Molti sono gli episodi che mostrano, da parte dei religiosi, la difesa degli indios. E’ emblematica la vicenda del frate domenicano Antonio de Montesinos (1475-1540),che è assieme a frate Pedro de Còrdoba (1482-1521) sarà uno dei primi religiosi ad arrivare nel Nuovo Mondo, nel 1510,  approdando sull’isola di Hispaniola. Ben presto si rende conto che le direttive della Corona non sono rispettate e vista la condizione degli indios decide di denunciare immediatamente e pubblicamente tutte le forme di oppressione dei popoli indigeni delle Americhe. Famosi i suoi sermoni del 21 e 28 dicembre 1511: «Allo scopo di farvi conoscere i vostri peccati contro gli Indiani sono venuto su questo pulpito, io che sono la voce di Cristo che grida nel deserto di quest’isola e perciò dovete ascoltarla. Questa voce dice che voi siete in peccato mortale, che voi vivete e morite nel peccato mortale, a causa della crudeltà e della tirannia che voi usate nel trattare con queste genti innocenti. Ditemi, per quale diritto o giustizia tenete questi Indiani in tale crudeltà e orribile schiavitù? Sulla base di quale autorità avete dichiarato una guerra detestabile a questa gente, che viveva tranquillamente e pacificamente nella propria terra? Quanta conoscenza avete voi conquistatori sulla dottrina e sul Dio creatore? Sul battesimo, sul partecipare alla messa e santificare le feste e la domenica? Non sono uomini questi? Non hanno anime razionali? Non siete tenuti ad amarli come amate voi stessi? ”State certi che in questo stato non potete salvare nessuno e nemmeno mantenere la fede in Gesù Cristo». [20]Le forti accuse, ed il giusto rimprovero verso un comportamento anti-cristiano e la rivendicazione della responsabilità cristiana causano un forte disagio nei coloni e nei funzionari, tra essi vi è il governatore Diego Colombo, figlio primogenito di Cristoforo Colombo e Filipa Moniz. Ma passato il primo momento di sconcerto, sono in molti a reagire contro i monaci, impedendo le loro prediche e chiedendo di ritrattare pubblicamente le dichiarazioni. Accade anche, però, che uno dei più importanti amministratori presenti, Bartolomé de La Casas, viene così profondamente colpito da questi sermoni che si decide ad una vera conversione e diverrà il primo vescovo del Nuovo Mondo[21].

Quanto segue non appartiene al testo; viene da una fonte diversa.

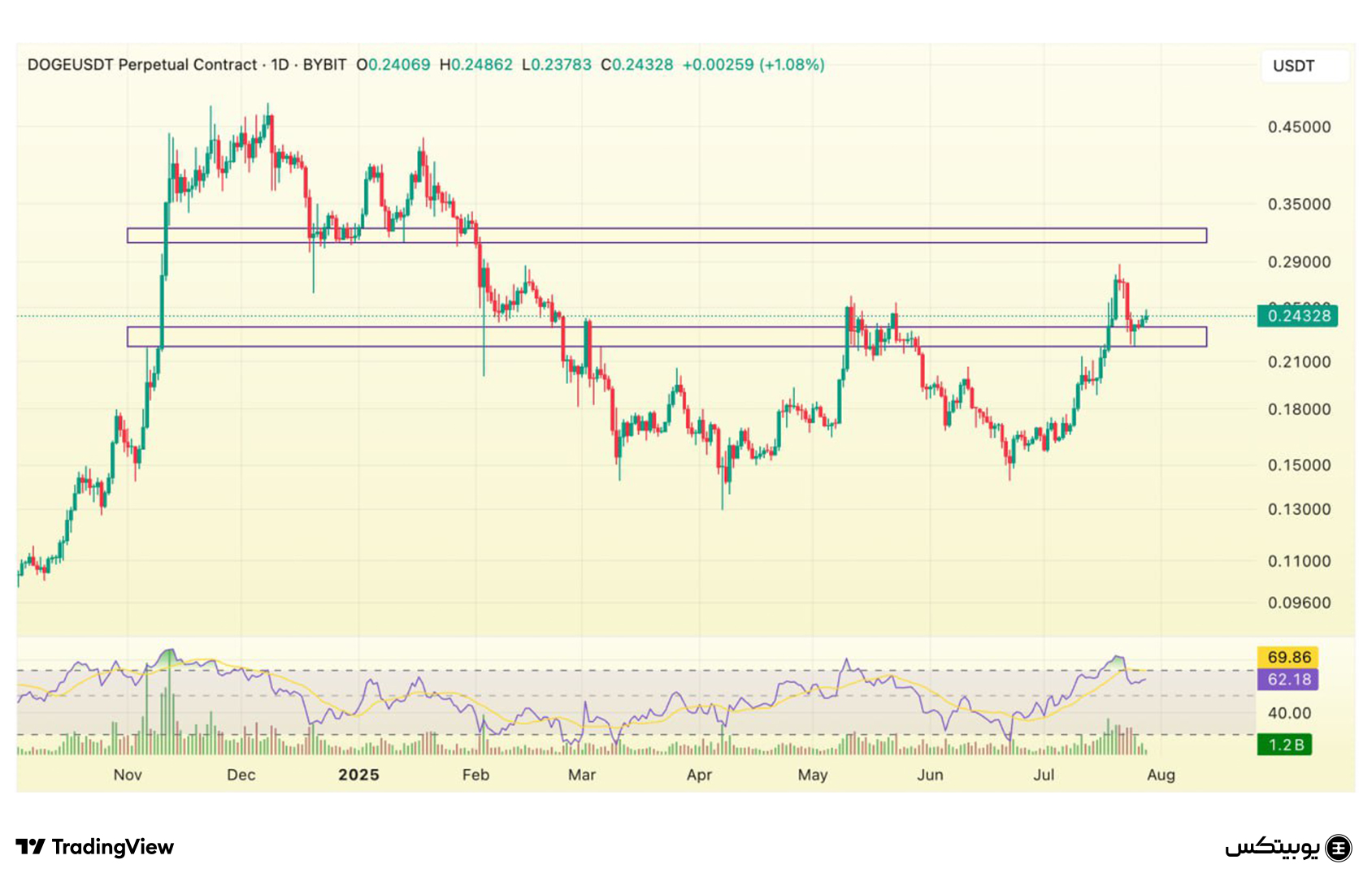 دوج کوین: محدوده حمایتی دوج کوین بین ۰.۲۲ تا ۰.۲۳۵ دلار قرار دارد و در صورت ادامه حرکت صعودی، مقاومت مهم آن در بازه ۰.۳۰ تا ۰.۳۲ دلار دیده میشود. این بازهها میتوانند مسیر حرکتی بعدی را مشخص کنند.
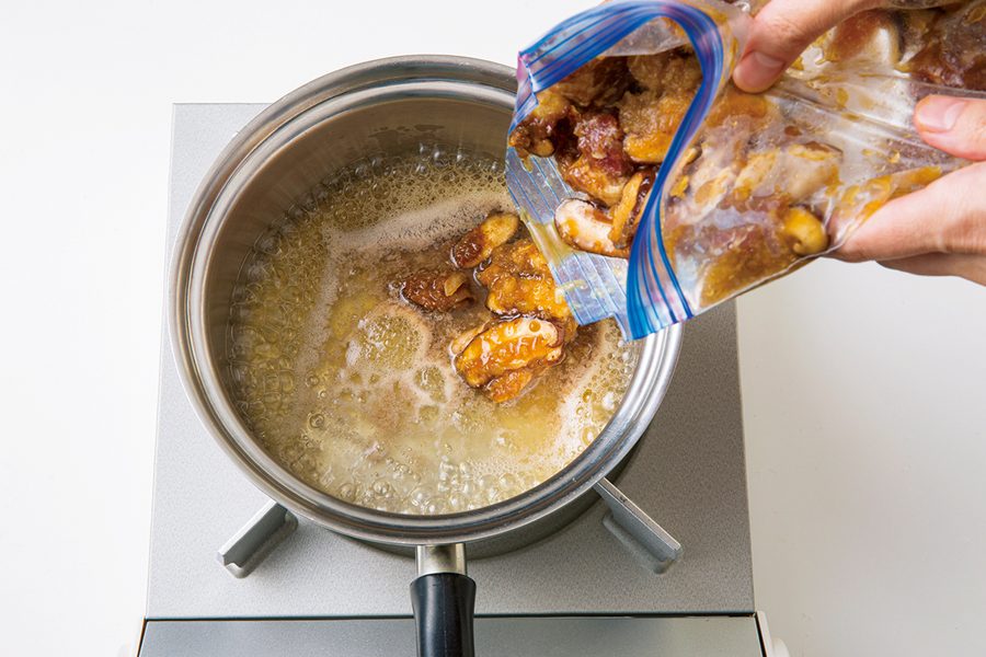 鍋に水100ml(分量外)を煮立て、【1】の中身を入れる。

 Il re Ferdinando II d’Aragona a cui erano stati riferiti i fatti in maniera faziosa, si lamenta duramente con l’Ordine dei Domenicani (Ordine dei Predicatori) in Spagna e chiede sanzioni per i religiosi sull’isola, minacciando perfino di espellerli. Nel frattempo ai frati vengono negati i mezzi di sussistenza, ma nonostante le intimidazioni i Domenicani non si fermarono, sostenendo che la loro dottrina è il risultato dello studio della verità e della lettura del Vangelo. Il Re arriva a decretare che nessun religioso avrebbe più messo piede nelle terre spagnole del Nuovo Mondo. Ma Montesinos , convinto della buona fede del Re, decide, allora, di tornare in Spagna col proposito di informare le autorità  sulla vera situazione dei popoli indigeni e sui motivi che lo hanno spinto a predicare così duramente. Re Ferdinando, dopo averlo ascoltato, ordina al suo Consiglio di riesaminare approfonditamente le questione e convoca anche una commissione di teologi e giuristi (il “Consiglio di Burgos”). I frutti di questo studio diverranno norme con la promulgazione delle Leggi di Burgos (1512), primo codice di ordinanze per la protezione delle popolazioni indigene, nel quale si prevede anche che il Re di Spagna ha titoli di padronanza del Nuovo Mondo, ma senza il diritto di sfruttare gli indigeni, il quale sono dichiarati uomini liberi con il diritto di possedere proprietà. Le Leggi di Burgos limitarono inoltre le richieste lavorative che i coloni spagnoli potevano avanzare, stabilirono che le donne in gravidanza fossero esentate dal lavoro, fu proibita ogni tipo di punizione, aumentate le condizioni igieniche ecc. Si ordinò anche l’obbligo di catechizzare gli indios, in quanto la necessità della loro conversione  in molti casi era necessaria sopratutto a causa dei cruenti riti sacrificali che gli indigeni praticavano continuamente a causa della loro religione , con tanto di cannibalismo e incisione delle vertebre dei bambini. [22]

Il Messico spagnolo.

Le ‘encomiendas’  

All’inizio della colonizzazione, nel 1510, con l’intento di reperire manodopera per la coltivazione delle terre occupate e il lavoro nelle miniere, la Corona propose l’istituzione di un sistema già collaudato in patria: l’encomienda [23]. Le encomiendas indiane erano però signorie limitate che non godevano di due degli attributi fondamentali delle signorie vere: la perpetuità e la giurisdizione[24]. Vedasi  ad esempio ciò che viene scritto nelle Nuove Leggi del 1542  “Ordiniamo che nessun titolare di encomienda possa esigere “servizi” dagli Indiani» .[25] La servitù – ed ancor meno la schiavitù – non era dunque, come si legge nelle recenti storie della Chiesa, «organizzata tramite il sistema dell’ encomienda», che era, al contrario, un sistema legale di protezione degli indigeni e di evangelizzazione, oltre che un beneficio laico accordato ai governanti spagnoli. Protezione ed evangelizzazione alle quali il titolare dell’ encomienda si impegnava nei confronti della Corona di Spagna che gli concedeva il titolo, in modo personale e sempre revocabile[26]. La prestazione che il titolare del privilegio riceveva dagli Indios – e che sostituiva per loro il tributo preispanico – se da un lato costituiva per lui la ricompensa dei suoi meriti , dall’ altro aveva questi oneri come contropartita.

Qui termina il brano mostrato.